**Your goal:** The required answer is an exact copy of the lines from the one containing "We created a" to the end of the listing, both included, without any pictures.

**Data excerpt:**
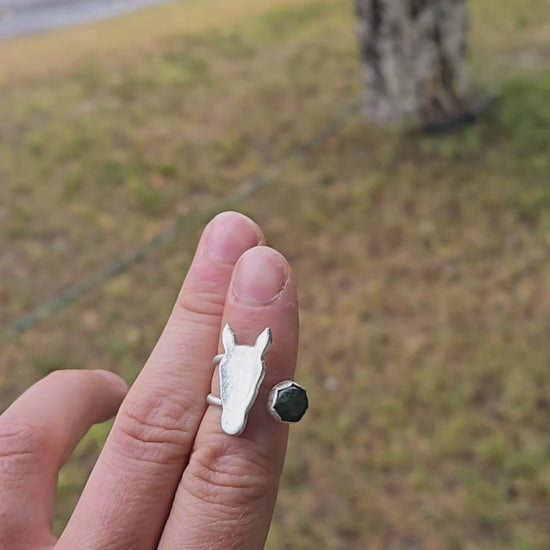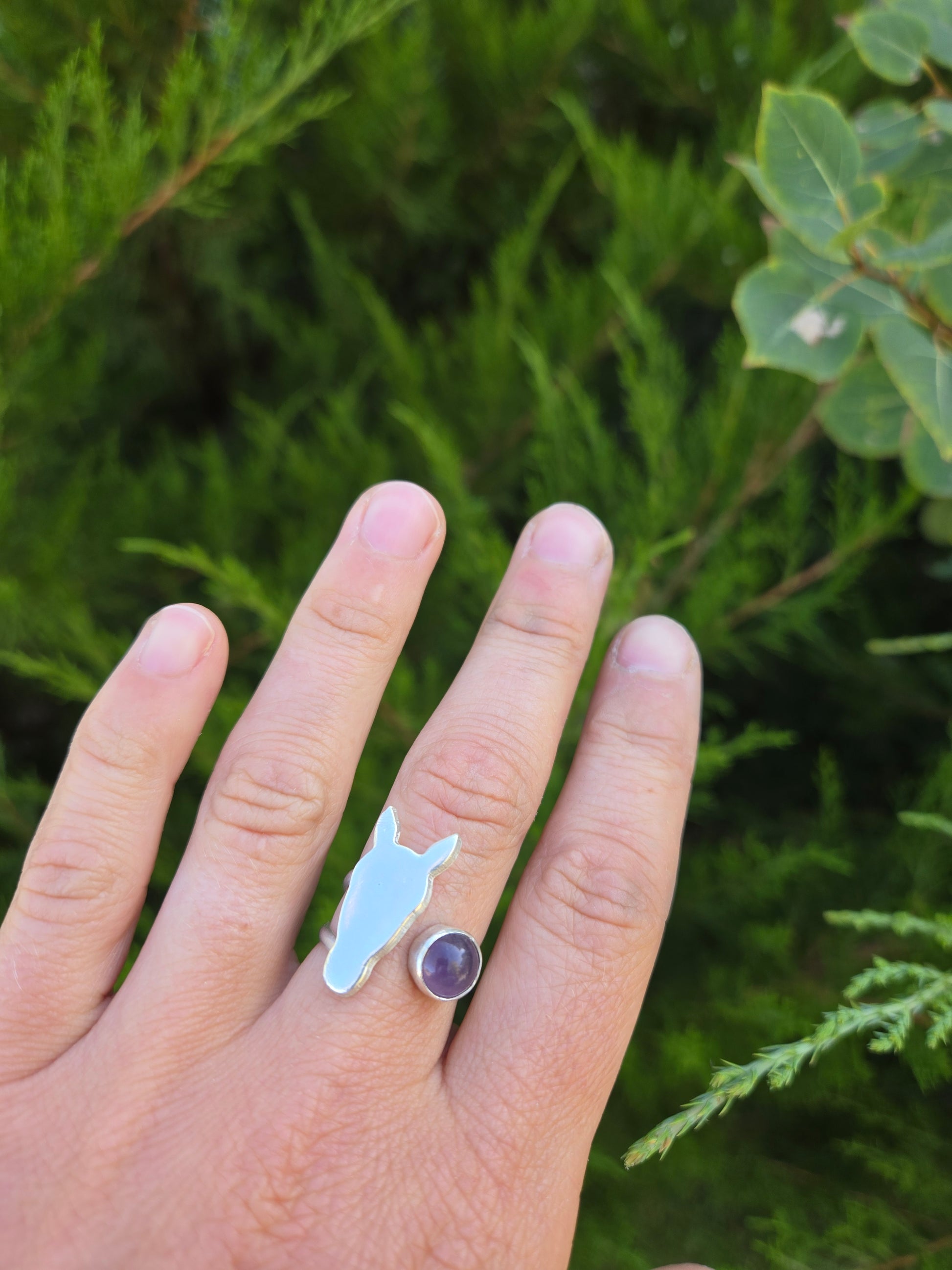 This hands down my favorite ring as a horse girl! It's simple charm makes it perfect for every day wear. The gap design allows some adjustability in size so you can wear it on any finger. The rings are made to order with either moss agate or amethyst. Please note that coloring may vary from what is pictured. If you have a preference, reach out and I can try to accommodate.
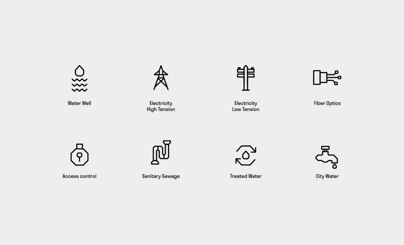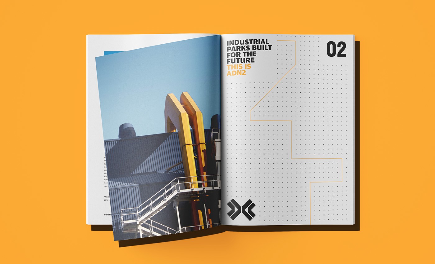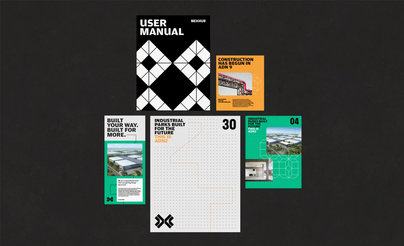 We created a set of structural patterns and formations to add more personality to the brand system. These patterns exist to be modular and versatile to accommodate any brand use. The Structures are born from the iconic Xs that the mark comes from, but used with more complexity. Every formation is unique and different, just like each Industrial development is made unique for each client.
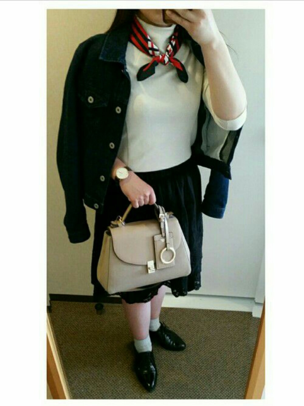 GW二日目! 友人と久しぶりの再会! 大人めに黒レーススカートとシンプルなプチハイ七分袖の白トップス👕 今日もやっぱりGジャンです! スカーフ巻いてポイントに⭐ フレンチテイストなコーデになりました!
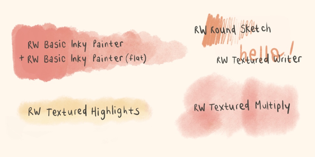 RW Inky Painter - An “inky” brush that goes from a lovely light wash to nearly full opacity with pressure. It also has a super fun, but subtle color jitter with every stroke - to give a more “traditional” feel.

**Result:**
 We created a set of structural patterns and formations to add more personality to the brand system. These patterns exist to be modular and versatile to accommodate any brand use. The Structures are born from the iconic Xs that the mark comes from, but used with more complexity. Every formation is unique and different, just like each Industrial development is made unique for each client.
 GW二日目! 友人と久しぶりの再会! 大人めに黒レーススカートとシンプルなプチハイ七分袖の白トップス👕 今日もやっぱりGジャンです! スカーフ巻いてポイントに⭐ フレンチテイストなコーデになりました!
 RW Inky Painter - An “inky” brush that goes from a lovely light wash to nearly full opacity with pressure. It also has a super fun, but subtle color jitter with every stroke - to give a more “traditional” feel.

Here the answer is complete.